* WHAT YOU HAVE TO DO
Will you output all of the data below exactly, omitting the images?

* PROVIDED MATERIAL

Segment Open

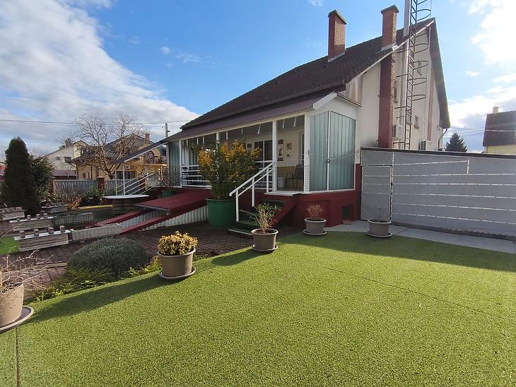 A ház földszintjén egy 50 m2-es mozaiklappal burkolt fedett terasz található, valamint a felső szinten egy 4m2-es fedett, a hálószobából nyíló erkély is kialakításra került
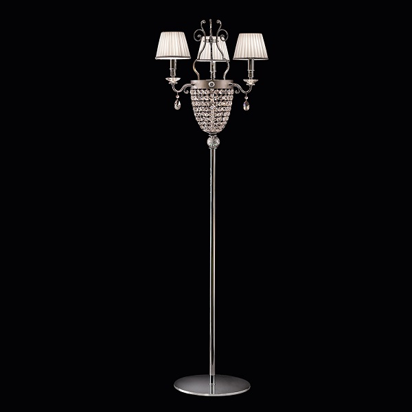 Торшер Masiero Elegantia STL3 в классическом стиле из Италии. Металлическое основание с гальваническим покрытием золотого или хромового цвета. Прозрачные хрустальные подвески завершают элегантный образ этого светильника.
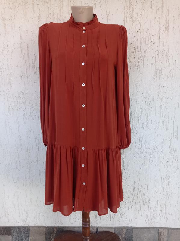 Стильное платье терракотового цвета, из вискозы на подкладке в идеальном состоянии. Замеры: длина 85, полуобхват груди 48, плеч 36, рукав 56.

Segment Closed

* YOUR SOLUTION
 A ház földszintjén egy 50 m2-es mozaiklappal burkolt fedett terasz található, valamint a felső szinten egy 4m2-es fedett, a hálószobából nyíló erkély is kialakításra került
 Торшер Masiero Elegantia STL3 в классическом стиле из Италии. Металлическое основание с гальваническим покрытием золотого или хромового цвета. Прозрачные хрустальные подвески завершают элегантный образ этого светильника.
 Стильное платье терракотового цвета, из вискозы на подкладке в идеальном состоянии. Замеры: длина 85, полуобхват груди 48, плеч 36, рукав 56.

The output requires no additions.